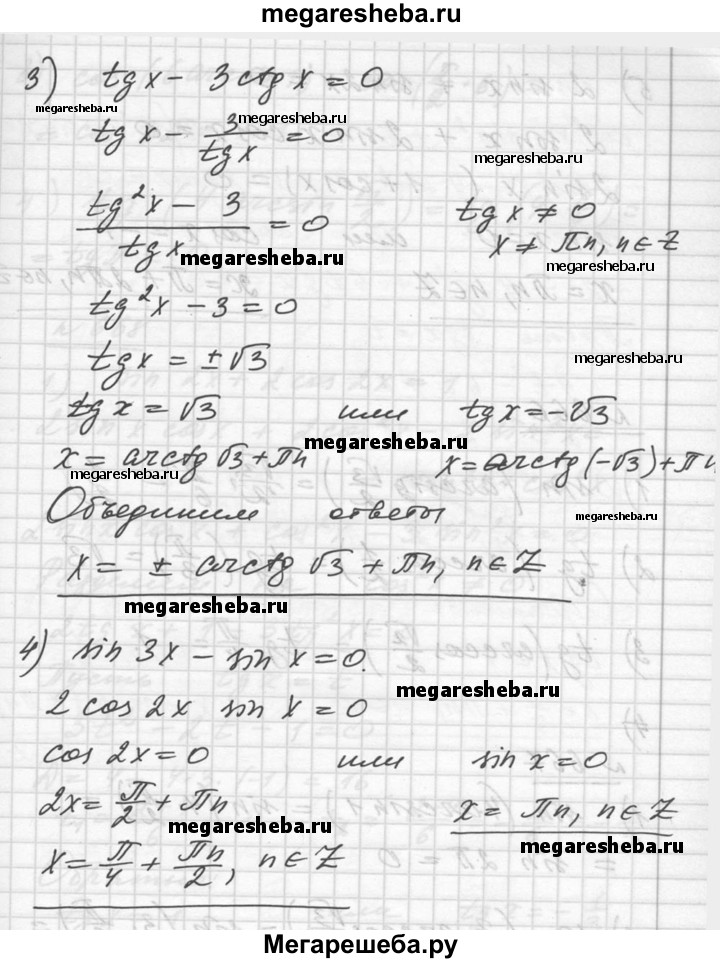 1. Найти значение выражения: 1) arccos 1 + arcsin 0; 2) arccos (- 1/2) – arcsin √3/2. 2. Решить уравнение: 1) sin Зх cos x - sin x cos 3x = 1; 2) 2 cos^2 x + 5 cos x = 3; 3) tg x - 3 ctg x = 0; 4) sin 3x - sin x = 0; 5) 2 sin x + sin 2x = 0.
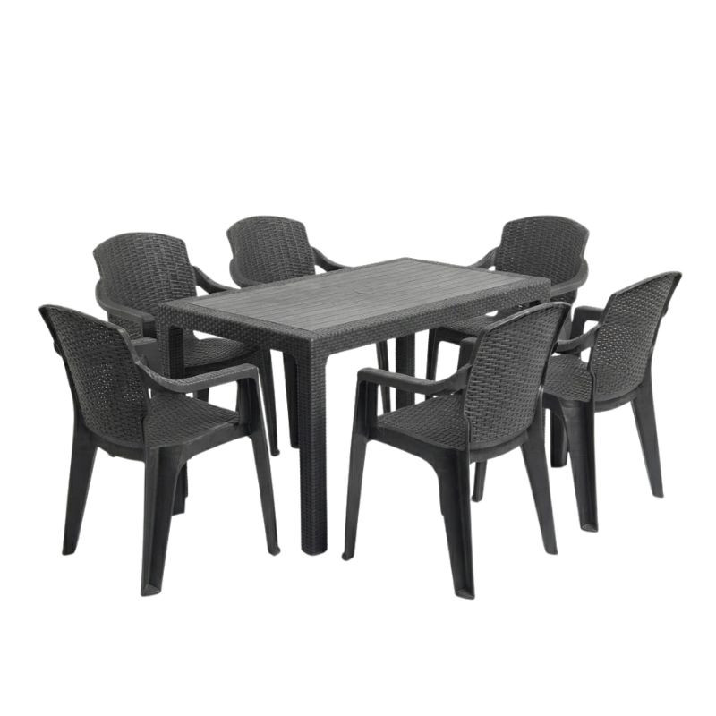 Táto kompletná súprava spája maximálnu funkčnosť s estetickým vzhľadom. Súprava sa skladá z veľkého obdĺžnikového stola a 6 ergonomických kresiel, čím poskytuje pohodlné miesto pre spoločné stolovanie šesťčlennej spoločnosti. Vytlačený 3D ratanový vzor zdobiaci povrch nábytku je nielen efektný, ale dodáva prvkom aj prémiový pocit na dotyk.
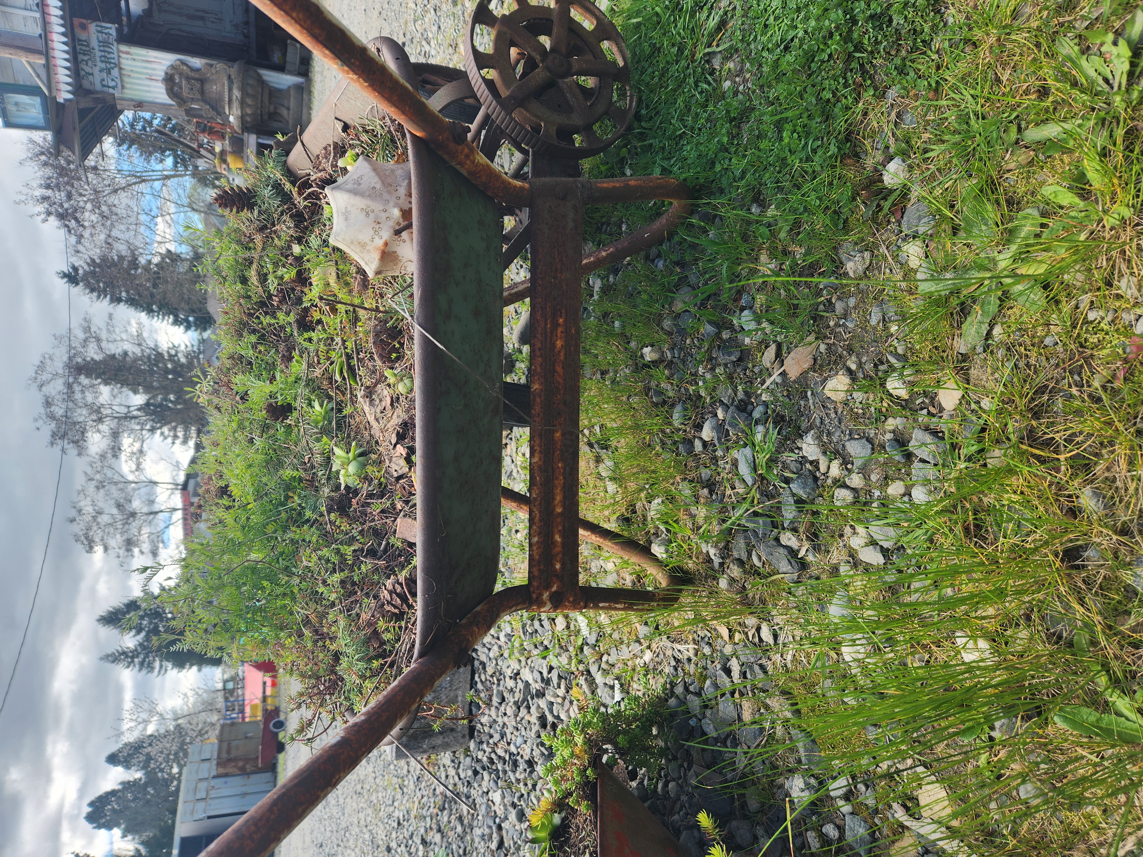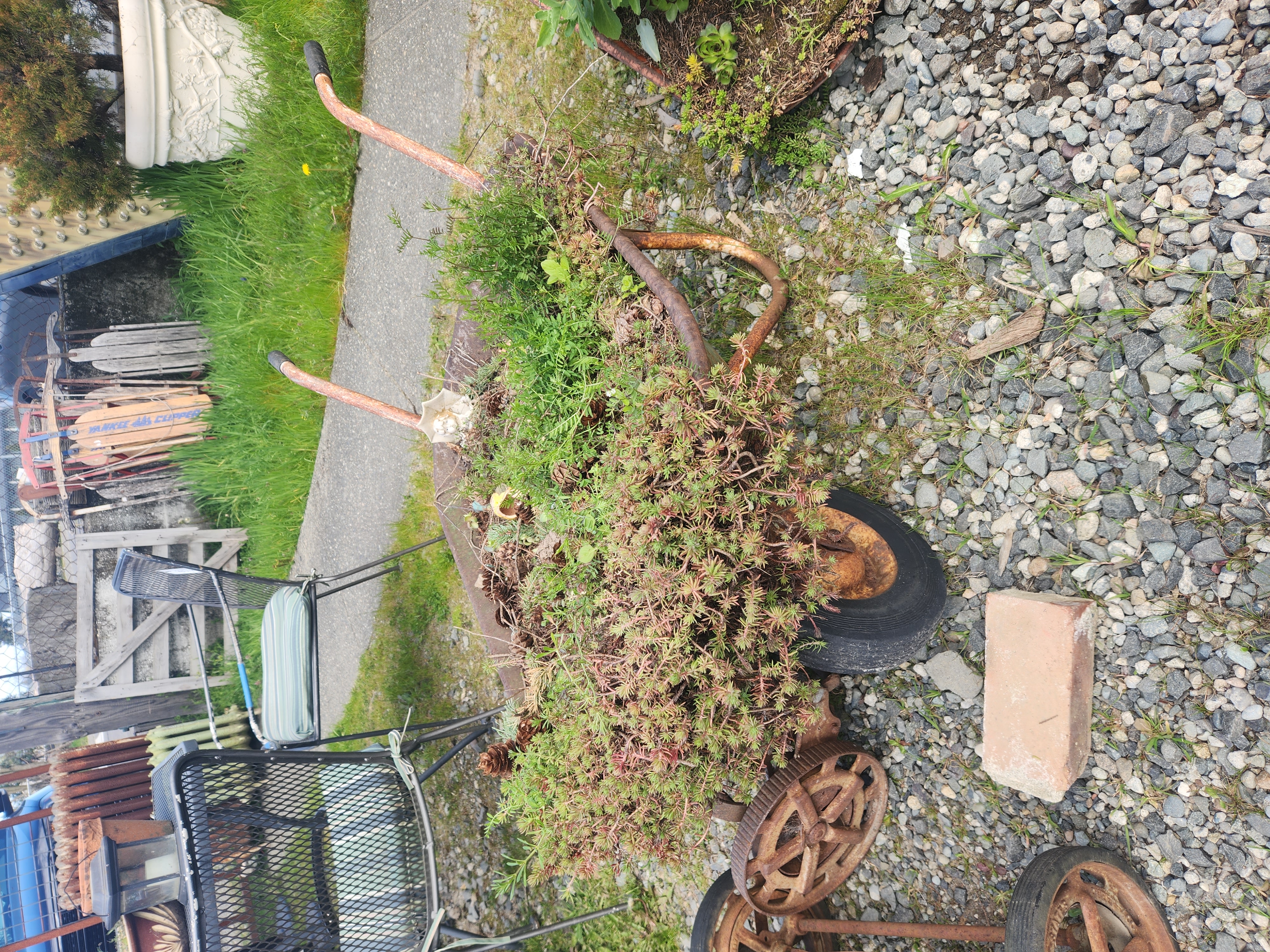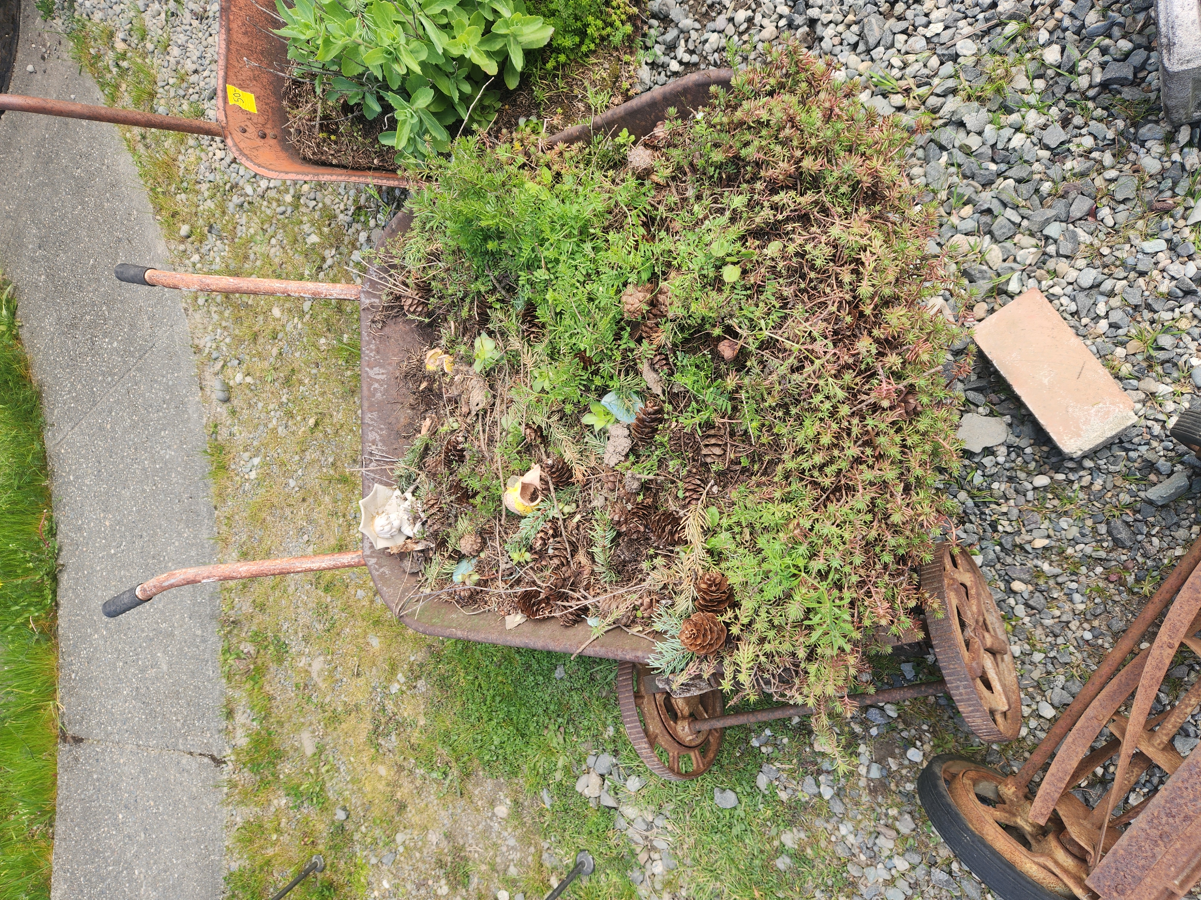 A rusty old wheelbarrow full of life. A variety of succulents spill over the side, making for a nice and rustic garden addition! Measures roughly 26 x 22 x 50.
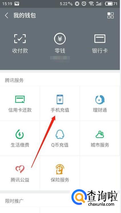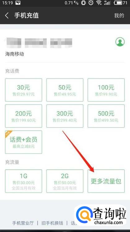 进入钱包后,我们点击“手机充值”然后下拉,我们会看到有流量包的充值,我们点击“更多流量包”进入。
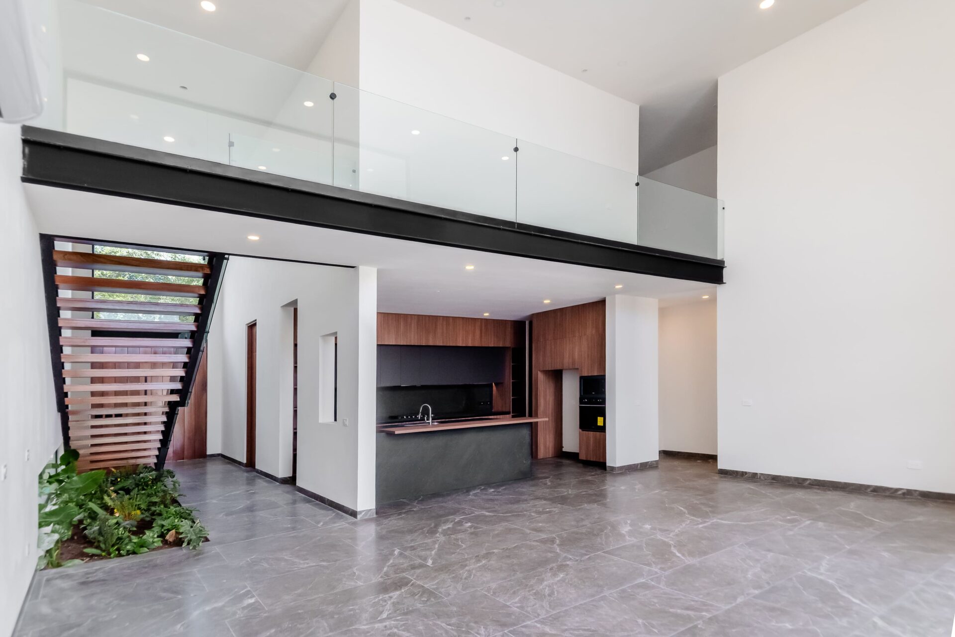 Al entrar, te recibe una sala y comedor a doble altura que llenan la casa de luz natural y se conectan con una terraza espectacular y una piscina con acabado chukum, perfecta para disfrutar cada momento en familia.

**Required action:**
All pictures must be left out. Reproduce exactly the lines from the one containing "A rusty old" to the final line of the entries.

**Answer for this exercise:**
 A rusty old wheelbarrow full of life. A variety of succulents spill over the side, making for a nice and rustic garden addition! Measures roughly 26 x 22 x 50.
 进入钱包后,我们点击“手机充值”然后下拉,我们会看到有流量包的充值,我们点击“更多流量包”进入。
 Al entrar, te recibe una sala y comedor a doble altura que llenan la casa de luz natural y se conectan con una terraza espectacular y una piscina con acabado chukum, perfecta para disfrutar cada momento en familia.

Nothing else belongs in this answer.